Прибежал в Крапивный бор, где однажды с неделю стояли разбойники, рыжий мужичок с круглыми, как у мыши, ушами. Кудеяра ему подавай.
— Спаси! Помещик вконец замучил. Работаем на него от первой зари до первой звезды, на себя работать только ночью позволяет. Избавь нас от злодея.
— Ладно, — согласился Кудеяр. — Садись на коня — показывай дорогу.
— Вы уж без меня, — испугался доносчик, — деревня наша на большаке стоит. Приметная.
— Без тебя не получится, нам завтра недосуг, а вот сегодня сядем на коней да и наедем на твоего злодея-помещика. Как его кличут?
— Да Голяков!
— Поехали до Голякова!
Прискакали в деревеньку, а народу — старики с младенцами.
— Где люди?
— Пруды копают.
— А где барский дом?
— Да вон! Бузину с рябинами видишь?
Подъехали к усадьбе, а это — изба да конюшня. Конюшня на две-три лошади. Изба хоть и поболе, чем у крестьян, но крыта соломой. Двери все не заперты. Кудеяр вошел в горницу. Голый стол, голые лавки. Иконы в углу, печь побеленная.

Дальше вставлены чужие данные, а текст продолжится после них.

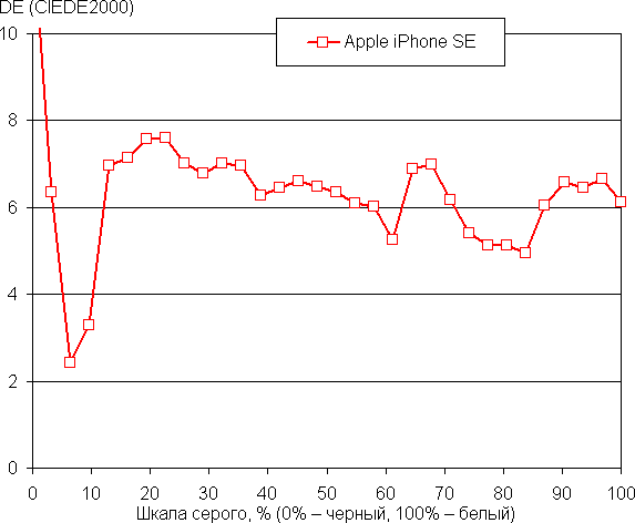 Видно, что в этом случае программного перекрестного подмешивания компонент практически нет, то есть родное для экрана Apple iPhone SE цветовое пространство равно Display P3.

Домотканый половик, два полотенца, с мокошью, с конниками, с деревом. На стене нарядная конская сбруя, сундук. Проворные ребята уже замок сбили. В сундуке пистолет, сабля, железная шапка да душегрея с железными нашлепками — горе-панцирь.

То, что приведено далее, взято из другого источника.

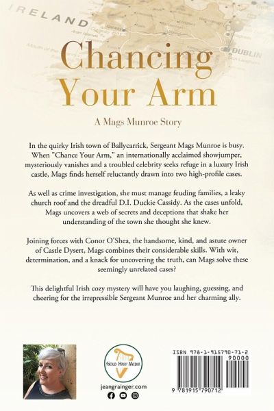 In the quirky Irish town of Ballycarrick, Sergeant Mags Munroe is busy. When Chance Your Arm, an internationally acclaimed showjumper, mysteriously vanishes and a troubled celebrity seeks refuge in a luxury Irish castle, Mags finds herself reluctantly drawn into two high-profile cases. As well as crime investigation, she must manage feuding families, a leaky church roof and the dreadful D.I. Duckie Cassidy. As the cases unfold, Mags uncovers a web of secrets and deceptions that shake her understanding of the town she thought she knew. Joining forces with Conor O'Shea, the handsome, kind and astute owner of Castle Dysert, Mags combines their considerable skills. With wit, determination, and a knack for uncovering the truth, can Mags solve these seemingly unrelated cases? This delightful Irish cosy mystery will have you laughing, guessing, and cheering for the irrepressible Sergeant Munroe and her charming ally.

— Положите все назад, — сказал Кудеяр разбойникам, — запоры на место приладьте, да так, чтобы от вашего безобразия следа не осталось. Айда на пруды!

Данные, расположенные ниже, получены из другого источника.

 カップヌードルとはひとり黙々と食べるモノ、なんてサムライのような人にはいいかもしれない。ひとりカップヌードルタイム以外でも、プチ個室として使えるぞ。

Место, где стояла деревенька, было высокое. Дорога поднималась выше да выше, а на самом верху — ровная степь. Здесь и копошились люди — копали и носили землю.
— Где ваш барин? — спросил Кудеяр у мужиков.
Мужики глядели на разбойников нелюбезно, молчали.
Невысокий человек с темным, как у всех тут, лицом, бросив лопату, отирал руку о рубаху.
— Это я.
Кудеяр поискал глазами доносчика. За спинами спрятался, дворянин Голяков стоял спокойно, ждал, чего от него хотят.
— Не глубоко ли копаешь? Чай, сажени на две с гаком? Или, думаешь, чем глубже, тем рыбы больше?
— Не за ради рыбы трудимся, — сказал один из мужиков. — Надоело без хлеба сидеть. Внизу у всех урожай, а у нас колос от колоса — на лапоть. Земля сухая.
— Рыбу тоже разведем, — возразил крестьянину Голяков. — В большом пруду сазанов, в малом — карасей.
— От зари до звезды, говорят, работаете.
— К осени хотим поспеть, к большим дождям, — сказал говорливый мужик, и все остальные согласно закивали бородами. — На подземную воду надежда малая. Дожди водички нальют, а там от снегов прибавка…
— Кудеяр, зачем я тебе надобен? — спросил хозяин будущих прудов. — Прости нас, невежливых, но каждый светлый час на счету.
— Да вот спросить приехали, — ответил Кудеяр, — правда ли, что нужны тебе работники? Твой человек пришел к нам, позвал.
— Кто же?
Разбойники, удивляясь словам атамана, вытолкали вперед рыжего.
— Бобыль Бездельна! — удивились мужики. — Мы ему бока намяли, чтоб от дела не отлынивал, а он вона! Две дюжины работников сыскал, лишь бы самому ничего не делать.
— Так вы не рады помощникам? — спросил Кудеяр.
— Помощникам рады. Только чем вам за труды платить? Кулешом накормим, квасом напоим, а денег у нас нет.
— По рукам! — согласился Кудеяр. — Рыбу заведете — на уху будем в гости ездить.
Выставили разбойники дозоры и принялись копать и таскать землю.
Три дня работали в поте лица. Ушли ночью, так тихо, что никого из деревенских не потревожили во сне.
Рыжий мужик все три дня рыл землю, как барсук, и еще больше бы успел, когда бы не понос.
Дивное дело! Кончилась вдруг всеобщая болезнь. Перестали бегать к Кудеяру шептуны. А ведь он никого не наказал за напраслину, никого ни единым словом не попрекнул. Сама собой кончилась худая болезнь. И Кудеяр дух перевел.